_Records shown_
# # # #
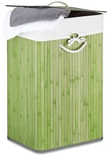 Relaxdays Kosz na pranie bambusowy, z pokrywką, prostokątny, XL, 83 l, składany kosz na pranie, wys. x gł.: 65,5 x 43,5 x 33,5 cm, zielony
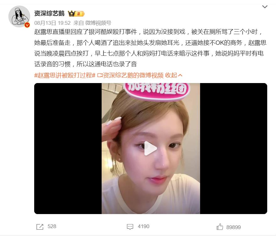 不至于是毆打,但確實被扯頭發、扇了耳光。”趙露思在直播中詳細回應2019年遭銀河酷娛工作人員霸凌事件,一席話直接引爆熱搜。
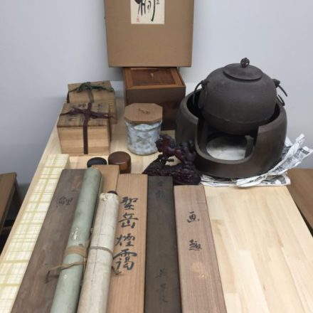 ご自分で集められていたお茶道具や掛け軸をお持ち込み頂きました。ご趣味でお茶やお華をされていているお母様で息子様に付き添われておこしいただきました。ご高齢になられ身辺整理のために、お道具などを徐々に手放…
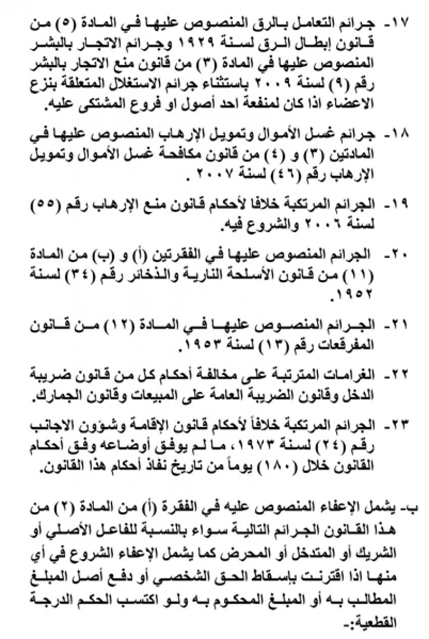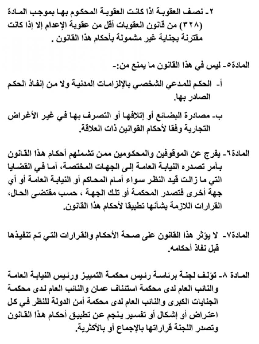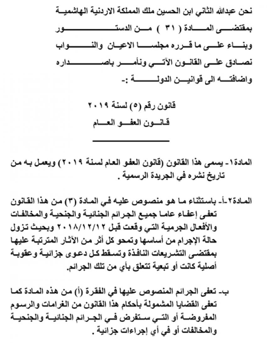 سرايا - دخل قانون العفو العام حيز التنفيذ بعد نشره في عدد خاص بالجريدة الرسمية صباح الثلاثاء.
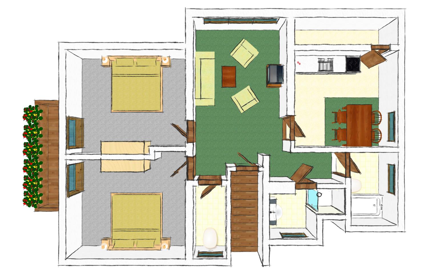 Apartment – Nichtraucher ca.68 m2. Unser freundliches, helles mit viel Holz eingerichtetes Apartment bietet großzügigen Lebensraum und verfügt über alle Annehmlichkeiten für einen ungezwungenen Urlaub. Ideal für 2-4 Personen. 2 Schlafzimmer mit Telefon, Safe und Südbalkon, Wohnraum mit gemütlicher Sitzecke und Panoramablick, Flachbildschirm, Sat-TV mit Stubai-Info-Kanal und Radio, kostenloses W-LAN, komplett ausgestattete Küche mit Ceranfeld, Mikrowelle, Backofen, Geschirrspüler, Kühlschrank, Gefrierschrank und Essecke; 2 Bäder : 1 Bad mit Dusche und separates WC sowie 1 Bad mit Badewanne und WC. Fön, Kosmetikspiegel sowie Pflegeprodukte. Bettwäsche, Hand- und Geschirrtücher werden bereitgestellt! Ideal für ° Paare, die es lieben, großzügig zu wohnen ° Familien, die sich für Ihre Kinder ein eigenes Kinderzimmer wünschen ° Alle, die eine atemberaubende Aussicht genießen möchten ° Paare, die nach einem aktiven Tag, auf dem Balkon die letzten Sonnenstrahlen genießen möchten ° Befreundete Ehepaare, die abends noch gemütlich zusammensitzen möchten
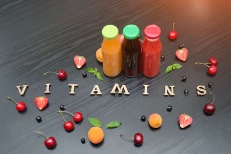 Three bottles of juice, the inscription Vitamins and fruits. Wooden background.
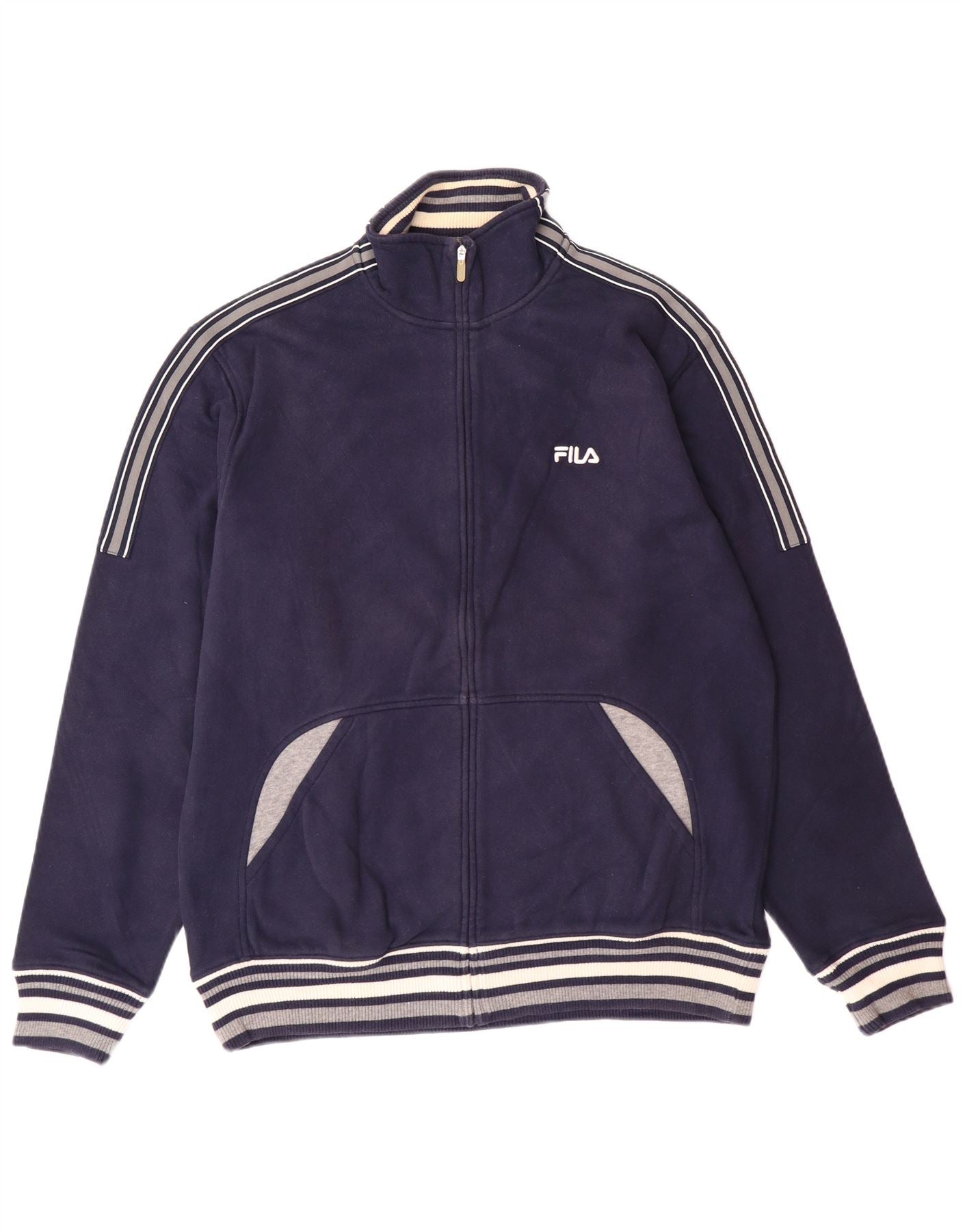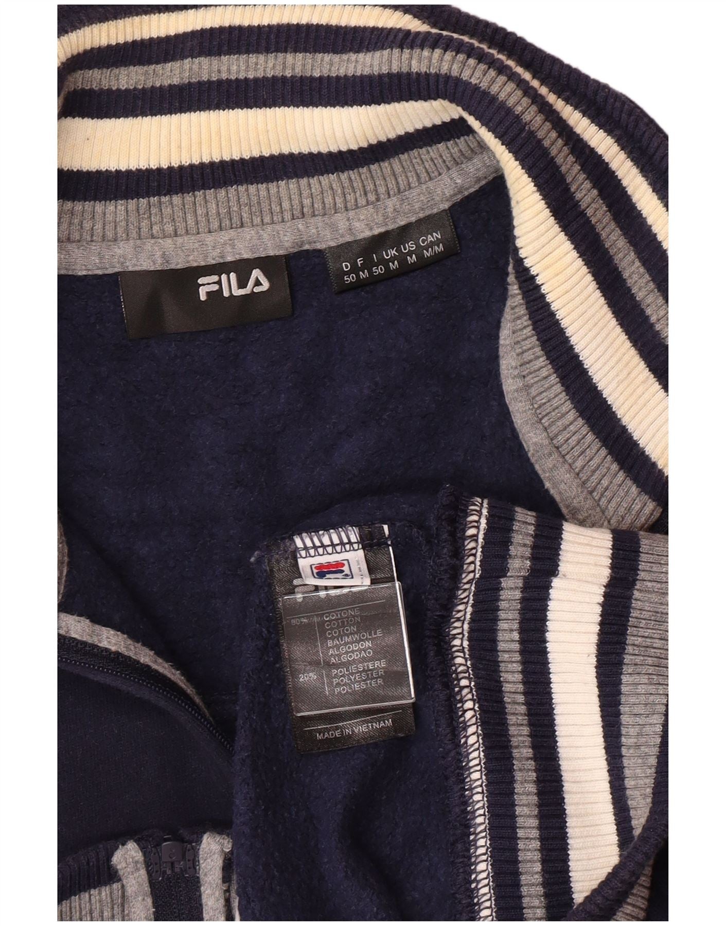 Męska kurtka dresowa FILA, średnia, granatowa, bawełniana w bloki kolorów
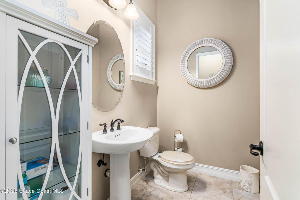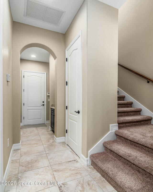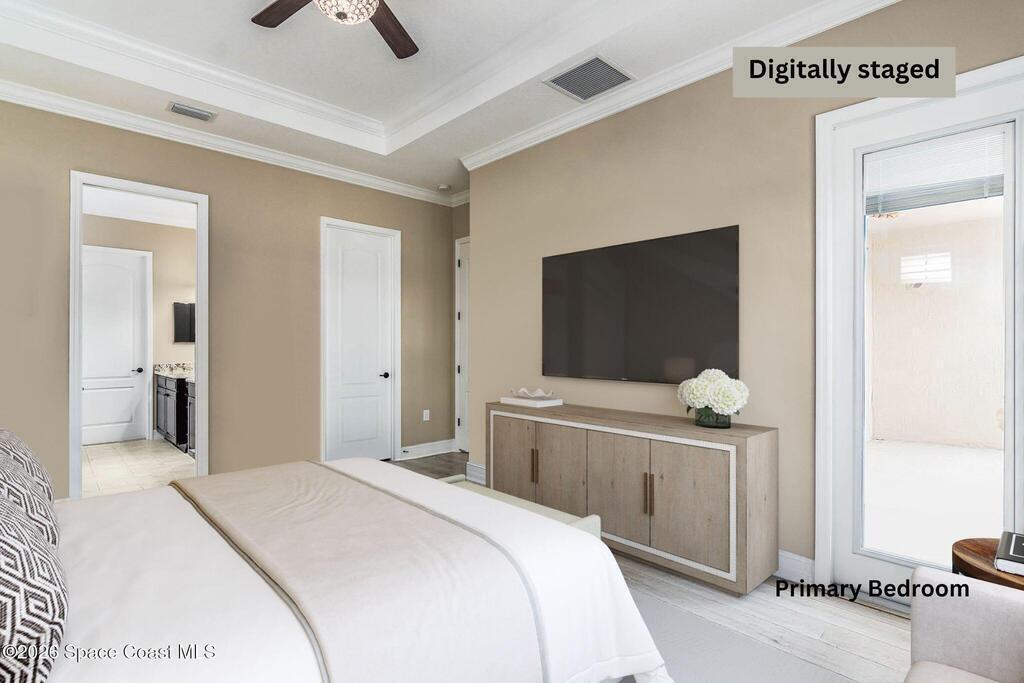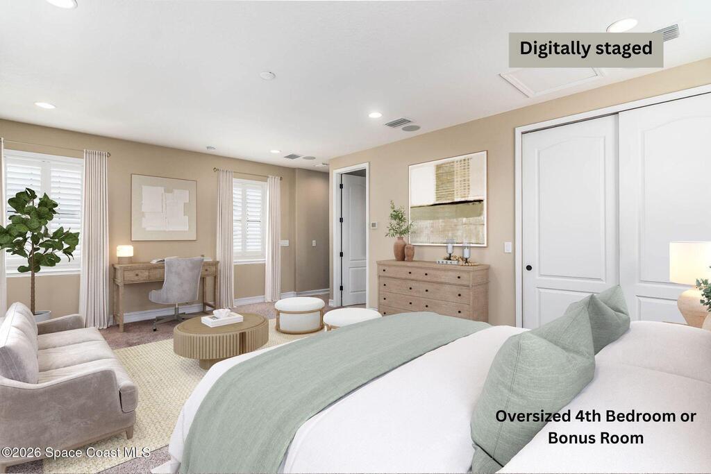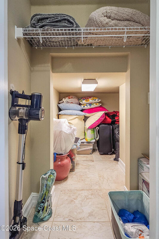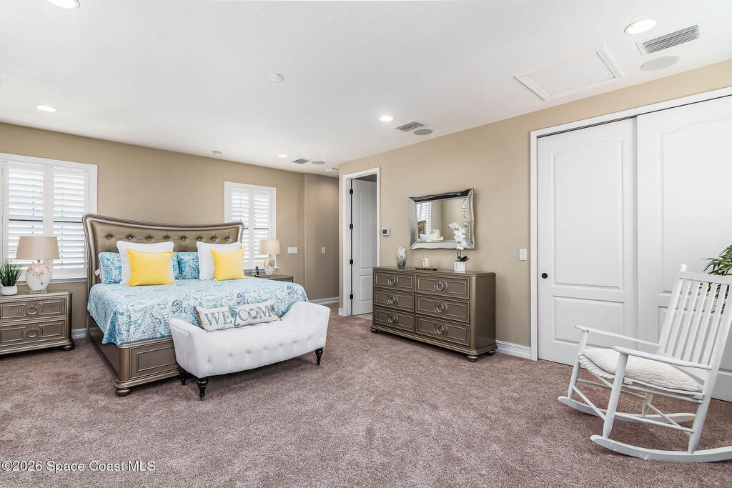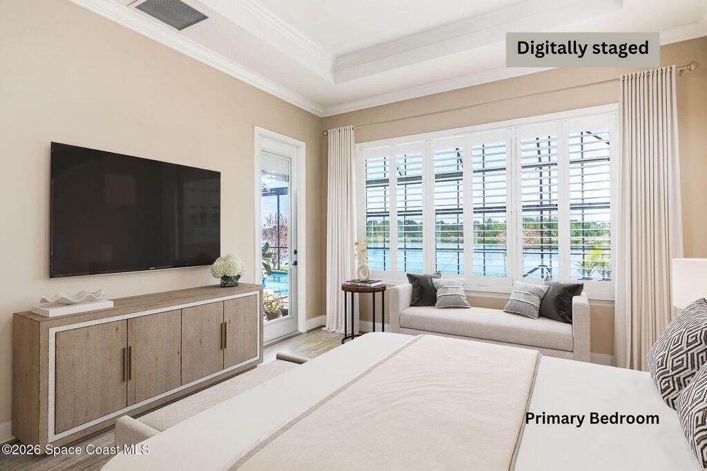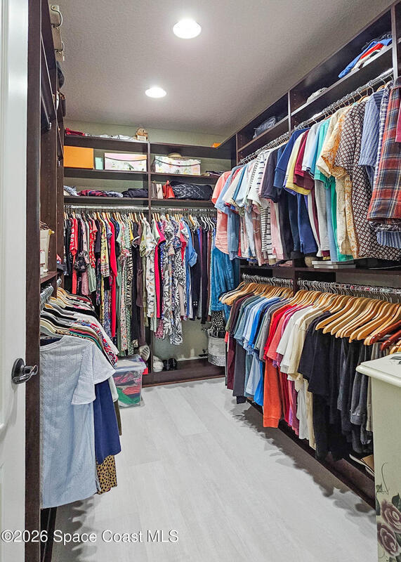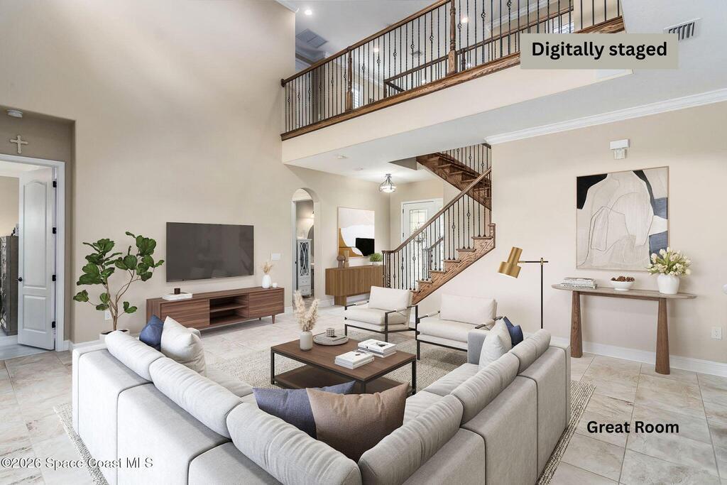 Former model home in Viera West with sweeping lake and preserve views! No rear neighbors. Outdoor oasis features a heated saltwater pool, spa, and paver deck. Inside: soaring ceilings and plantation shutters. Complete split plan with privacy for all bedrooms. 4BR/4.5BA + loft ideal for your office. Every bedroom boasts its own private bath--ideal for multi-gen living. Gourmet chef's kitchen with espresso soft-close cabinetry, granite counters, 5-burner gas range, walk-in pantry, KitchenAid SS appliances. Main-level primary suite offers panoramic water views, walk-in closet with organizers, spa bath w/ soaking tub, and ceiling-height tile shower. Upstairs: custom wrought iron railing paired with a wood handrail and stairs to loft, 2 guest BRs. 4th BR suite with separate stairs--perfect for guests, media room, or office. Main living areas feature tile flooring throughout. Oversized laundry room with cabinetry and full sink. 2-car plus golf cart garage. Near Publix, Costco, A rated school
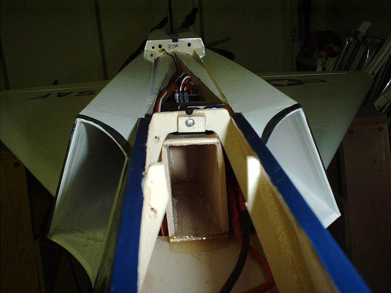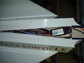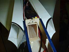 The placement of the components was determined after the model was constructed so that no additional ballast would be required to balance the model. The model could accomodate a 10-cell CP-1700SCR pack if a slightly longer battery box were constructed. These components were originally going to be placed in the cockpit section, but doing so would have made the model extremely nose-heavy and required a fair amount of lead in the tail area in order keep it in balance. After initial competition flights were completed, I replaced the Kyosho AP-29L motor and AstroFlight 217D speed controller with a Hacker B40-10S motor and a Jeti Master 70-3P Opto brushless speed controller. I am still using the same 10-cell battery pack. The Hacker motor is slightly heavier than the Kyosho and the Jeti controller is heavier than the AstroFlight. The Jeti is in the same location as the AstroFlight. |
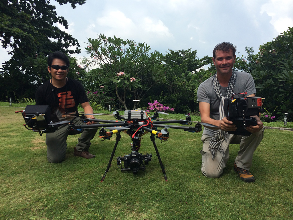 A drone is pretty much a standard part of my equipment now. Clients almost expect you to have one. In its infancy we used to build the platforms ourselves (pretty much home brewed), nuts and bolts had to be checked and tightened, wires re-soldered if damaged, so we were always bringing tool sets of soldering irons and battery chargers. Now with pre-built platforms we just travel with one case, a bit of Velcro tape and a few cable ties.
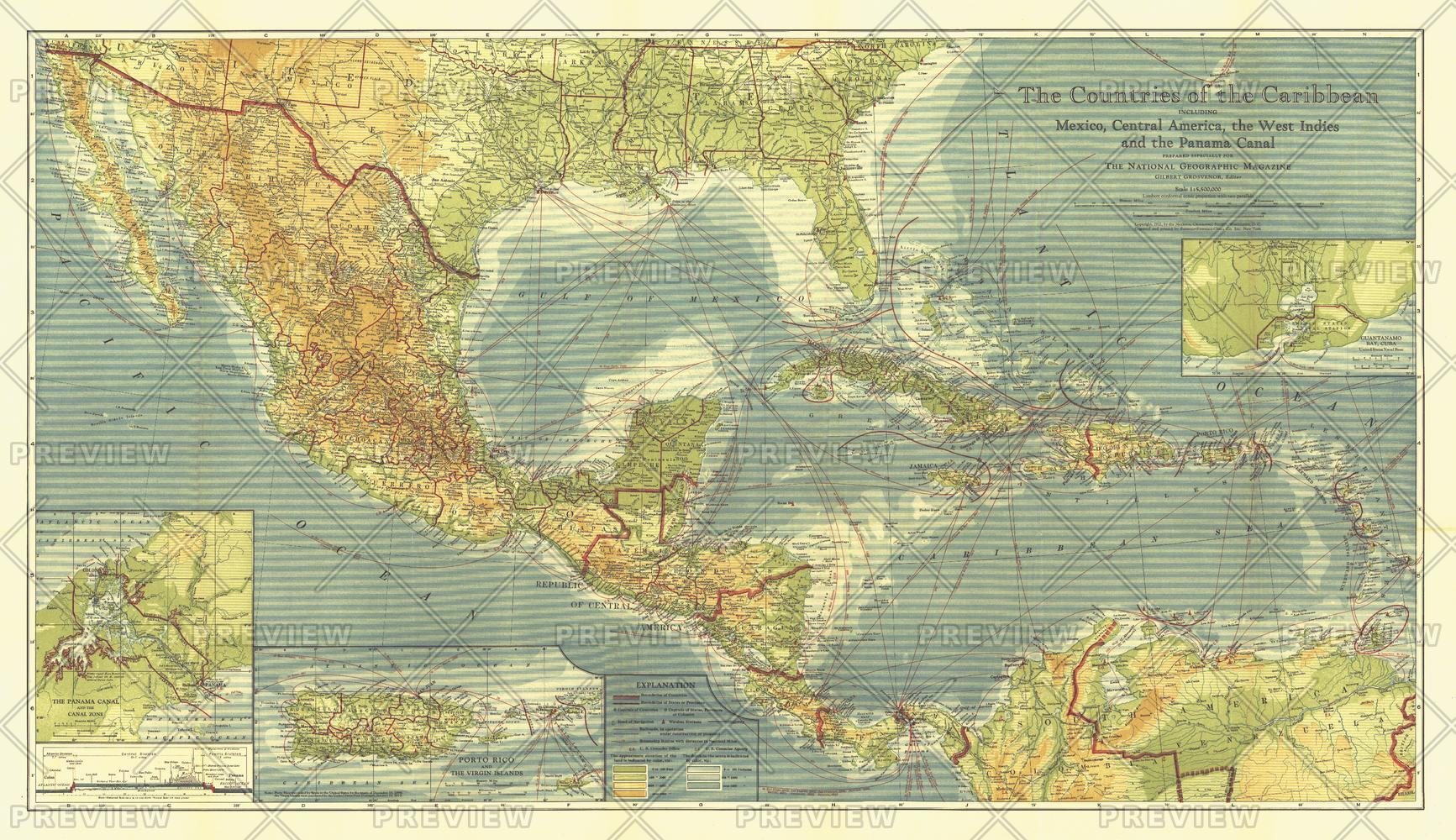 This beautiful map of the Caribbean includes Central America, the West Indies, and Mexico. Published in February 1922, this map appeared in an issue entirely devoted to Middle America. Rich color, and details such as inset maps, steamship routes, and wireless stations, make this piece a fine map for collectors.
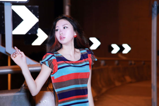 看香港的夜景很美,條紋修身裙。
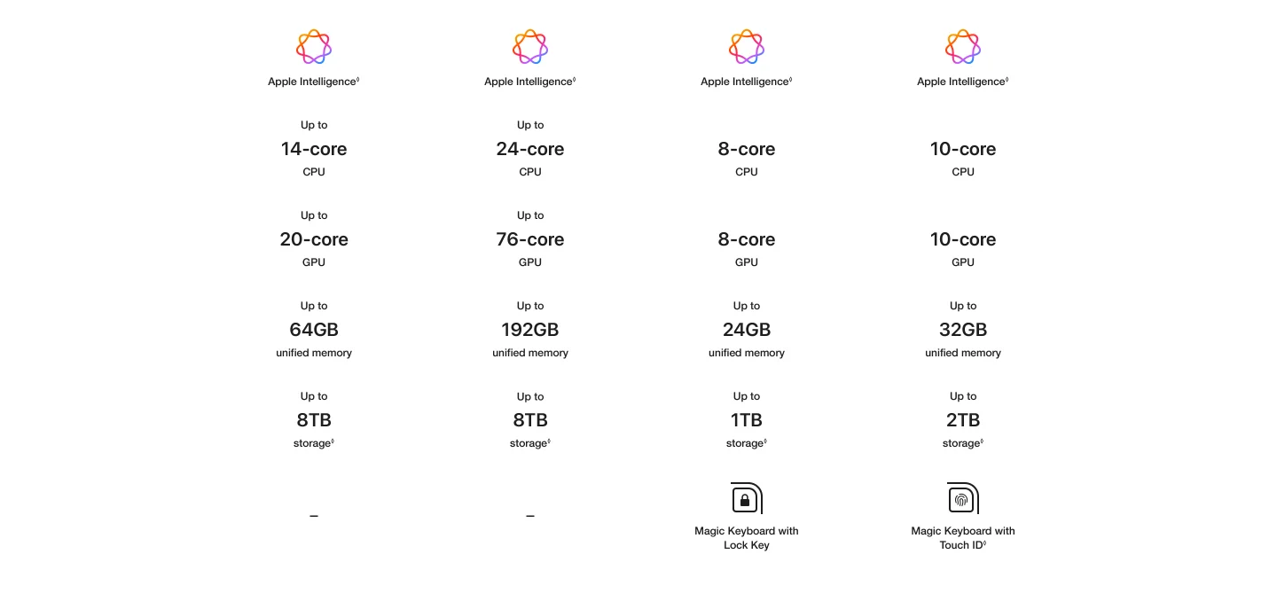 Apple Intelligence: Apple Intelligence is available in beta on all Mac models with M1 and later, with Siri and device language set to Chinese (Simplified), English (Australia, Canada, India, Ireland, New Zealand, Singapore, South Africa, UK or US), French, German, Italian, Japanese, Korean, Portuguese (Brazil) or Spanish, as a macOS Sequoia update, with more languages coming over the course of the year, including Vietnamese. Some features may not be available in all regions or languages.
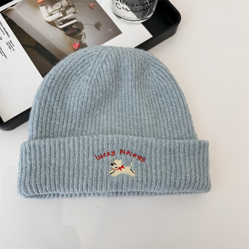 Korean Cute Dog Embroidered Knitted Hat for Girls in Autumn and Winter to Keep Warm, Show off Face, Small Ear Protector, Knitted Hat Versatile, Cold Hat for Men
# # # #
_Exercise requirements_
Each line from the start of the entries to the line holding "سرايا - دخل" is to be given again exactly, both ends included, and each picture is to be left out.

_Reply_
 Relaxdays Kosz na pranie bambusowy, z pokrywką, prostokątny, XL, 83 l, składany kosz na pranie, wys. x gł.: 65,5 x 43,5 x 33,5 cm, zielony
 不至于是毆打,但確實被扯頭發、扇了耳光。”趙露思在直播中詳細回應2019年遭銀河酷娛工作人員霸凌事件,一席話直接引爆熱搜。
 ご自分で集められていたお茶道具や掛け軸をお持ち込み頂きました。ご趣味でお茶やお華をされていているお母様で息子様に付き添われておこしいただきました。ご高齢になられ身辺整理のために、お道具などを徐々に手放…
 سرايا - دخل قانون العفو العام حيز التنفيذ بعد نشره في عدد خاص بالجريدة الرسمية صباح الثلاثاء.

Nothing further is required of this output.